* Task goal
Where an entry below contains an image, skip the image and reproduce the rest exactly.

* Extracted entries
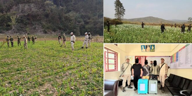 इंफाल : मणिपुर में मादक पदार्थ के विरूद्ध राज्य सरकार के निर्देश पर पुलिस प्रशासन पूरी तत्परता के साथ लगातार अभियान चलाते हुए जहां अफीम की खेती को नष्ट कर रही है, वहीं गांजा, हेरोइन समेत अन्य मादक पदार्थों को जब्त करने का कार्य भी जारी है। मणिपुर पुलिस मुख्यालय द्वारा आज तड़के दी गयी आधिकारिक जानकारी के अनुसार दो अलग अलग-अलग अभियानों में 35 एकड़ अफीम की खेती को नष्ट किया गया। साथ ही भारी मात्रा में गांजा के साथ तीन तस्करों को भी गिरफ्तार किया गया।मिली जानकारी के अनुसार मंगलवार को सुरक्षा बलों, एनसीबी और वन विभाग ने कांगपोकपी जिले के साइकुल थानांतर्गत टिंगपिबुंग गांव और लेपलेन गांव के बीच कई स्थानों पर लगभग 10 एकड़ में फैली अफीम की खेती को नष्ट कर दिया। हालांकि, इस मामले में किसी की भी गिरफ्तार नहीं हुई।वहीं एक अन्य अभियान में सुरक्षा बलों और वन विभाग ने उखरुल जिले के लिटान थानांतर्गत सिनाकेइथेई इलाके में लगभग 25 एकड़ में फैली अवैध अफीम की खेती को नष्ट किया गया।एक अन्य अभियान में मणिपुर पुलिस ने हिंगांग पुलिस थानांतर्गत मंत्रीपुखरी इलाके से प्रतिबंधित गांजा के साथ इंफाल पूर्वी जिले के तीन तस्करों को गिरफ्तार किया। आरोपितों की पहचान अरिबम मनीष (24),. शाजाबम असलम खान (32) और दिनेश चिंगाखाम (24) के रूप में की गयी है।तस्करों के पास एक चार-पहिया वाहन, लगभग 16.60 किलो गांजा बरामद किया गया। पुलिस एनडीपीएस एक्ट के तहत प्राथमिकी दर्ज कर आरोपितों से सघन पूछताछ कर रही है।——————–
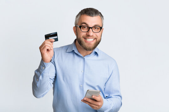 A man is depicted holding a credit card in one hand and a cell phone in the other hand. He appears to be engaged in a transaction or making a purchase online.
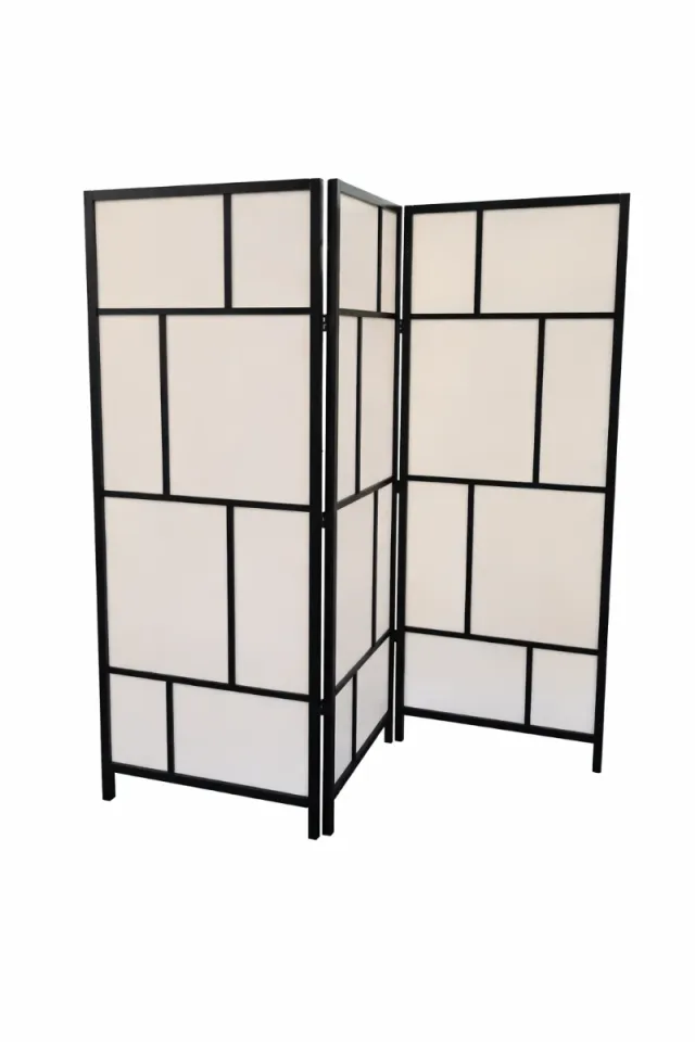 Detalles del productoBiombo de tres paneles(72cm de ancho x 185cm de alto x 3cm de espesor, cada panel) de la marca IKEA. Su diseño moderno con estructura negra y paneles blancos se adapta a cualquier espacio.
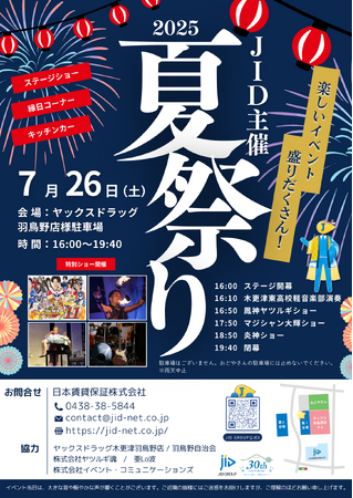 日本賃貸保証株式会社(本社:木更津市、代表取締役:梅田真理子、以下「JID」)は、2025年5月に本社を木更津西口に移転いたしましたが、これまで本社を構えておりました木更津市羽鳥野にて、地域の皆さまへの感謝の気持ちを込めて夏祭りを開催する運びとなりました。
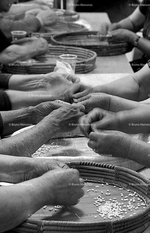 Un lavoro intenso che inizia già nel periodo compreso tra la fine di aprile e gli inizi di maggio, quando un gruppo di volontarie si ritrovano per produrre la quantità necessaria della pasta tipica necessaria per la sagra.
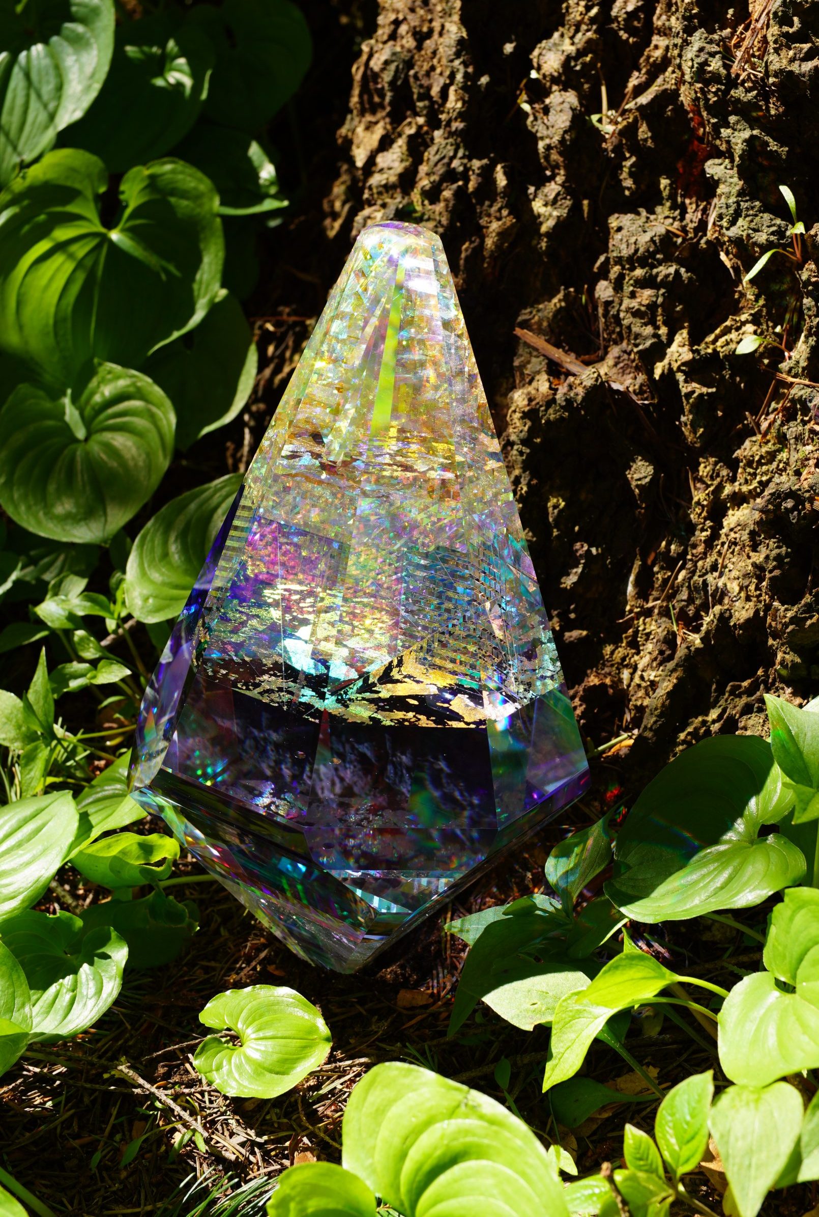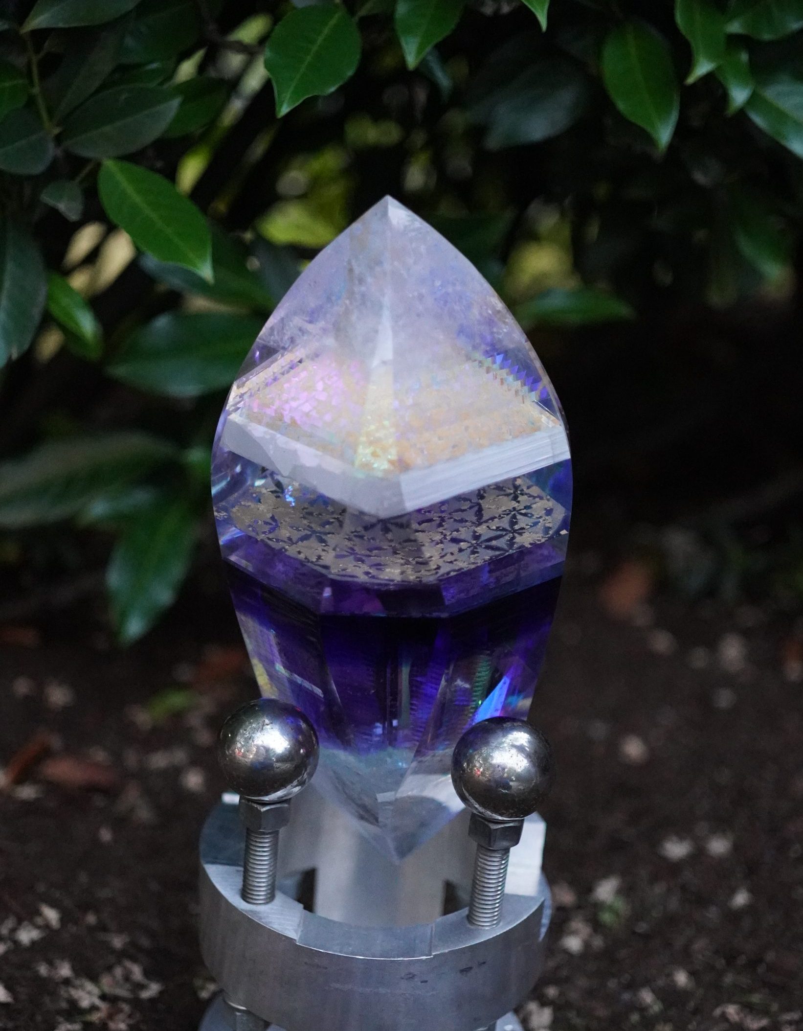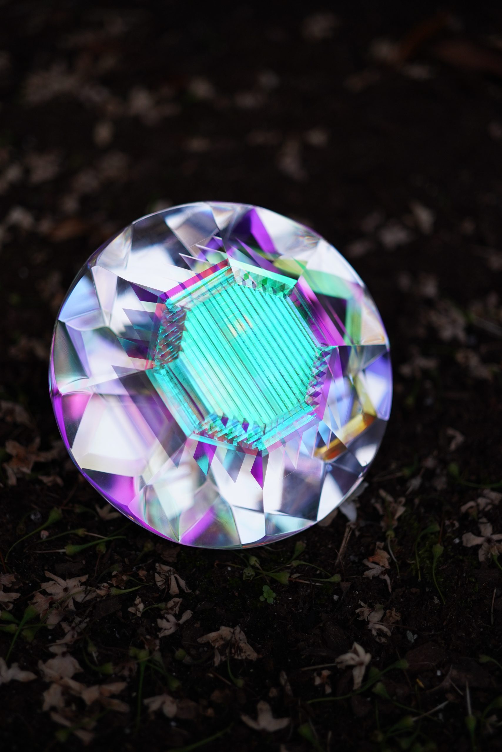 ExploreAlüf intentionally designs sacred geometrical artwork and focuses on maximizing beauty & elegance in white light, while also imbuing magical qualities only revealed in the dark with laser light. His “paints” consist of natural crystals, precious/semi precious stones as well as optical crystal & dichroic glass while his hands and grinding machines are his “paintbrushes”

* Your response
 इंफाल : मणिपुर में मादक पदार्थ के विरूद्ध राज्य सरकार के निर्देश पर पुलिस प्रशासन पूरी तत्परता के साथ लगातार अभियान चलाते हुए जहां अफीम की खेती को नष्ट कर रही है, वहीं गांजा, हेरोइन समेत अन्य मादक पदार्थों को जब्त करने का कार्य भी जारी है। मणिपुर पुलिस मुख्यालय द्वारा आज तड़के दी गयी आधिकारिक जानकारी के अनुसार दो अलग अलग-अलग अभियानों में 35 एकड़ अफीम की खेती को नष्ट किया गया। साथ ही भारी मात्रा में गांजा के साथ तीन तस्करों को भी गिरफ्तार किया गया।मिली जानकारी के अनुसार मंगलवार को सुरक्षा बलों, एनसीबी और वन विभाग ने कांगपोकपी जिले के साइकुल थानांतर्गत टिंगपिबुंग गांव और लेपलेन गांव के बीच कई स्थानों पर लगभग 10 एकड़ में फैली अफीम की खेती को नष्ट कर दिया। हालांकि, इस मामले में किसी की भी गिरफ्तार नहीं हुई।वहीं एक अन्य अभियान में सुरक्षा बलों और वन विभाग ने उखरुल जिले के लिटान थानांतर्गत सिनाकेइथेई इलाके में लगभग 25 एकड़ में फैली अवैध अफीम की खेती को नष्ट किया गया।एक अन्य अभियान में मणिपुर पुलिस ने हिंगांग पुलिस थानांतर्गत मंत्रीपुखरी इलाके से प्रतिबंधित गांजा के साथ इंफाल पूर्वी जिले के तीन तस्करों को गिरफ्तार किया। आरोपितों की पहचान अरिबम मनीष (24),. शाजाबम असलम खान (32) और दिनेश चिंगाखाम (24) के रूप में की गयी है।तस्करों के पास एक चार-पहिया वाहन, लगभग 16.60 किलो गांजा बरामद किया गया। पुलिस एनडीपीएस एक्ट के तहत प्राथमिकी दर्ज कर आरोपितों से सघन पूछताछ कर रही है।——————–
 A man is depicted holding a credit card in one hand and a cell phone in the other hand. He appears to be engaged in a transaction or making a purchase online.
 Detalles del productoBiombo de tres paneles(72cm de ancho x 185cm de alto x 3cm de espesor, cada panel) de la marca IKEA. Su diseño moderno con estructura negra y paneles blancos se adapta a cualquier espacio.
 日本賃貸保証株式会社(本社:木更津市、代表取締役:梅田真理子、以下「JID」)は、2025年5月に本社を木更津西口に移転いたしましたが、これまで本社を構えておりました木更津市羽鳥野にて、地域の皆さまへの感謝の気持ちを込めて夏祭りを開催する運びとなりました。
 Un lavoro intenso che inizia già nel periodo compreso tra la fine di aprile e gli inizi di maggio, quando un gruppo di volontarie si ritrovano per produrre la quantità necessaria della pasta tipica necessaria per la sagra.
 ExploreAlüf intentionally designs sacred geometrical artwork and focuses on maximizing beauty & elegance in white light, while also imbuing magical qualities only revealed in the dark with laser light. His “paints” consist of natural crystals, precious/semi precious stones as well as optical crystal & dichroic glass while his hands and grinding machines are his “paintbrushes”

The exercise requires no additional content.